As an additional file will be created daily, I opted to put these files into a subdirectory. The headers, one per line, are being logged into a headers-yyyymmdd.log file, which seems free form. Different requesters leave different sets of headers.
Added this logheaders.php file to a subdirectory, under public_html.

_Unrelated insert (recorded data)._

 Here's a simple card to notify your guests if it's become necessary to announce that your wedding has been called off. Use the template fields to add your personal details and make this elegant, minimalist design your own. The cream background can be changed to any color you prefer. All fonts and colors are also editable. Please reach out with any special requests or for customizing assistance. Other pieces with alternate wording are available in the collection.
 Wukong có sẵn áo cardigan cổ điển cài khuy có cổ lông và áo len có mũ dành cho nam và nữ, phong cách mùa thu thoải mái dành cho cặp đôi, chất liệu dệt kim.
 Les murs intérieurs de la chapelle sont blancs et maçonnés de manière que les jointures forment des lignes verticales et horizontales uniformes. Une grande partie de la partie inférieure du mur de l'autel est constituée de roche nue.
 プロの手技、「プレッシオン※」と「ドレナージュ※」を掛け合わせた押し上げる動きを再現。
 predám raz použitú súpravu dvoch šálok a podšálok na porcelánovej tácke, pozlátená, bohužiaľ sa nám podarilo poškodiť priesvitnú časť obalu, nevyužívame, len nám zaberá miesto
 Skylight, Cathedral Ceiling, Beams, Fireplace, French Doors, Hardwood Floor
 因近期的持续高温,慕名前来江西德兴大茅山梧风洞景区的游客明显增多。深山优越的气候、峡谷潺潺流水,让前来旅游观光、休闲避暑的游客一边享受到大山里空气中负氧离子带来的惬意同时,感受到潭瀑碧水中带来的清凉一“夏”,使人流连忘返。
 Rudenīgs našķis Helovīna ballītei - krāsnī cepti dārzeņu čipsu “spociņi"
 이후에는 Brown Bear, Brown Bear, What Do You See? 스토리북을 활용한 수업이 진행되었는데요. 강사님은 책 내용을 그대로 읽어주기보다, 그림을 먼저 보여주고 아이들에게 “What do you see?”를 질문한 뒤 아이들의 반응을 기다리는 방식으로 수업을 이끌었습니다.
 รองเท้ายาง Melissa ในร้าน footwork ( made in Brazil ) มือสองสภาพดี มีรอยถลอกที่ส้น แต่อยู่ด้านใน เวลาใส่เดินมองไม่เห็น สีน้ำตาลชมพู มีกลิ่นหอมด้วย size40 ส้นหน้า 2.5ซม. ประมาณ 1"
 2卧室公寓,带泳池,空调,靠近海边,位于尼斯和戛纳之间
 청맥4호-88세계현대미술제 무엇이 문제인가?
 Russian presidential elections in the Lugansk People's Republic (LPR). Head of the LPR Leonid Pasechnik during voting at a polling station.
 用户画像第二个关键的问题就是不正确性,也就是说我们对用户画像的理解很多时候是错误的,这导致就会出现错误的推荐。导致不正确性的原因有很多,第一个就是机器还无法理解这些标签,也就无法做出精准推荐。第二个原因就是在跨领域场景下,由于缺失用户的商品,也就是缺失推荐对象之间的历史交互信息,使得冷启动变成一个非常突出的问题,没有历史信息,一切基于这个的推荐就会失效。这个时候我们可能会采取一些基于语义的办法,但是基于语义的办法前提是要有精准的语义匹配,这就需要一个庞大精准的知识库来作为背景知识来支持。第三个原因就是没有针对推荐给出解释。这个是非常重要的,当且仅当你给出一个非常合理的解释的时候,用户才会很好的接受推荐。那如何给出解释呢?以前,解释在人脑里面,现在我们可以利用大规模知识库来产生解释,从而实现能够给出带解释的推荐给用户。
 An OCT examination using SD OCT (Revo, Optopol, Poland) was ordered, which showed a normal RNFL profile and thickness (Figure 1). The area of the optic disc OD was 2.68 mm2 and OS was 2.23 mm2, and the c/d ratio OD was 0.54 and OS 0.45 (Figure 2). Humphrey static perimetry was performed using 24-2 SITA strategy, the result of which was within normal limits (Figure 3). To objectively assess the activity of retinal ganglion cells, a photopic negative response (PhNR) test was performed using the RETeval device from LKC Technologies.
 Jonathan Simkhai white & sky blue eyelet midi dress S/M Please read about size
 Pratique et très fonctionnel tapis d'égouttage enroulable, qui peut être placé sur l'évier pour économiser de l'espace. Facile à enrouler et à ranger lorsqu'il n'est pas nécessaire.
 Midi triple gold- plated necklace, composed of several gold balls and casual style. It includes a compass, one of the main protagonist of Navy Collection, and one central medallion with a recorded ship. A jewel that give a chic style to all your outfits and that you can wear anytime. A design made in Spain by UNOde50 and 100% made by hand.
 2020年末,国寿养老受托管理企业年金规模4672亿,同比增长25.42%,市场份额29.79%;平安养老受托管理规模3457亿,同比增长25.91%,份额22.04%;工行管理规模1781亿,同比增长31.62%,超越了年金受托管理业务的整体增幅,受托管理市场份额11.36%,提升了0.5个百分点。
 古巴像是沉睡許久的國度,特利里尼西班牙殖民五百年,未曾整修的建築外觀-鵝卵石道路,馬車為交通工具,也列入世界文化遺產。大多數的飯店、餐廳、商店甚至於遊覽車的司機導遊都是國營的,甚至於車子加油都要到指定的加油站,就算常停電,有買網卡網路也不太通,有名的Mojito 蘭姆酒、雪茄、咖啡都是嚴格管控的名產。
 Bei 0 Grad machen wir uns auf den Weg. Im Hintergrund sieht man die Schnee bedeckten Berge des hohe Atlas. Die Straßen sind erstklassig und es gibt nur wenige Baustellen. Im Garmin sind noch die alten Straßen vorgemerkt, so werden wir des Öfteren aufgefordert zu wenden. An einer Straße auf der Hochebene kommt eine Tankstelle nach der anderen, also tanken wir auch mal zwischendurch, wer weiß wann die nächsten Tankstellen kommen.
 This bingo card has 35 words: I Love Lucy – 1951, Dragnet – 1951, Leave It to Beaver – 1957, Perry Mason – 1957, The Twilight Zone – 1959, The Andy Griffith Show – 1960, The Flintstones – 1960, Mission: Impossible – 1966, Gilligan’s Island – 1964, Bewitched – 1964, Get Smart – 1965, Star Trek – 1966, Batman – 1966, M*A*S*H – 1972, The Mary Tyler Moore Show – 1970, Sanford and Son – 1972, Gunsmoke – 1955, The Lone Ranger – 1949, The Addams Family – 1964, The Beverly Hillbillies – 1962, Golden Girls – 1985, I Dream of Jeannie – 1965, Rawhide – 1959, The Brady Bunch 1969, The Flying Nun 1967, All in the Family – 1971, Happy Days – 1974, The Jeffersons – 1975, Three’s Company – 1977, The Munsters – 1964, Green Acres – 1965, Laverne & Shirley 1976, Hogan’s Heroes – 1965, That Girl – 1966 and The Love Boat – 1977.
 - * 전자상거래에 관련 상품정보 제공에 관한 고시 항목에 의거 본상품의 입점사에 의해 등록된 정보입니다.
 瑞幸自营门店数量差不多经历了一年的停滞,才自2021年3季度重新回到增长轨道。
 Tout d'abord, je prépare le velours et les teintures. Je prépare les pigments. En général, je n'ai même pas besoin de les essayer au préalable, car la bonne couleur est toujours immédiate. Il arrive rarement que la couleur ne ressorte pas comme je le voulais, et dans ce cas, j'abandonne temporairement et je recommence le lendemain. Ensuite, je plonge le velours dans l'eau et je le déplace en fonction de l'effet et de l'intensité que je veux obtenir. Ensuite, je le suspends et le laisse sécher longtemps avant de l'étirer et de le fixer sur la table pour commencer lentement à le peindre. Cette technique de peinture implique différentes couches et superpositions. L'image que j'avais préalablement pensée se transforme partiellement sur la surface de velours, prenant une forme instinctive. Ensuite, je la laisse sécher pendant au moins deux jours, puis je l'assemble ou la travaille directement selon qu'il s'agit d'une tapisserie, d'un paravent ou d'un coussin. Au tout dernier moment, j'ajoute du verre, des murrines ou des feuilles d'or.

Changed this in the php code to account for the subdir:
$fh = fopen($_SERVER[‘DOCUMENT_ROOT’] . “/loghead/headers-“. date(‘Ymd’) . “.log”,”a”);
Added this to the header.php of your WordPress theme:
<?php include($_SERVER[‘DOCUMENT_ROOT’] . ‘/loghead/logheaders.php’) ?>
I also added the php call to the 404.php and 403.php, but they do not like the php in a subdirectory, so had to duplicate the code in public_html.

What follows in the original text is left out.